# Math Help - UFDs, primes and irreducibles - Dummit and Foote - Chapter 8

1. ## UFDs, primes and irreducibles - Dummit and Foote - Chapter 8

I am reading Dummit and Foote Chapter 8, Section 8.3 UFDs.

On page 284 (see attached) Dummit and Foote prove Proposition 10 which shows the following:

"In an integral domain a prime element is always irreducible."

D&F then state:

"It is not true in general that an irreducible element is necessarily prime."

They give as an example the element 3 in the quadratic integer ring $R =\mathbb{Z} [\surd -5 ]$

They assert that the element 3 is irreducible but not prime.

I am struggling to show rigorously that 3 is irreducible in R, despite D&F's reference to the calculations on page 273 (see attached)

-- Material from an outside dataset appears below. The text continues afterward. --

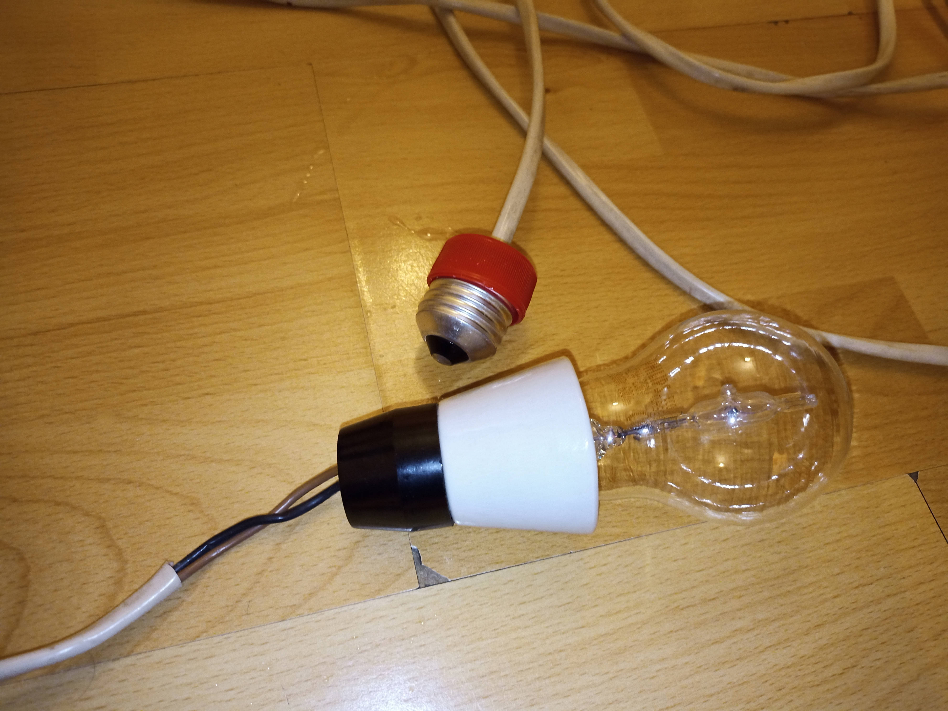 Stručně: Potřebuji objímku, do které dám žárovku, která bude na metr a půl dlouhém kabelu, jehož druhý konec bude mát ukončení jako má žárovka. Využití: Vymontuju stávající žárovku v místě potřeby, našroubuju udělátko a budu si svítit na metr a půl vzdáleném místě.

That is to show that whenever $3 = ( a_1 + b_1 \surd -5 ) (a_2 + b_2 \surd -5 )$

then one of $( a_1 + b_1 \surd -5 ) , (a_2 + b_2 \surd -5 )$ must be a unit in $\mathbb{Z} [\surd -5 ]$

Peter

2. ## Re: UFDs, primes and irreducibles - Dummit and Foote - Chapter 8

Originally Posted by Bernhard
"It is not true in general that an irreducible element is necessarily prime."

They give as an example the element 3 in the quadratic integer ring $R =\mathbb{Z} [\surd -5 ]$

They assert that the element 3 is irreducible but not prime.

I am struggling to show rigorously that 3 is irreducible in R, despite D&F's reference to the calculations on page 273 (see attached)

You've had this shown to you, that 3 is irreducible in this ring, at least twice in the last month. Look them over again:

Existence of Greatest Common Divisors - Dummit and Foote Ch8

Euclidean Domains - Dummit and Foote - Chapter 8 - Section 8.1 - Example on Quadratic

3. ## Re: UFDs, primes and irreducibles - Dummit and Foote - Chapter 8

Thanks for pointing that out ... And apologies for forgetting this ... My day job intrudes on my Maths to the point I sometimes have to revisit problems.

Will now go to the posts you mention

Thanks again,

Peter

4. ## Re: UFDs, primes and irreducibles - Dummit and Foote - Chapter 8

if 3 were reducible in Z[√(-5)], say 3 = ab where a,b are not units, we would have N(3) = 9 = N(ab) = N(a)N(b) (here N is the field norm, or the square of the complex modulus. this is always a positive integer).

if N(a) OR N(b) = 1, then it must be ±1, and both of these are units.

hence N(a) = N(b) = 3.

suppose a = c + d√(-5) where c,d are integers.

N(a) = 3 implies c2+5d2 = 3.

thus d = 0, (or else N(a) > 3) and c2 = 3 has no integer solution.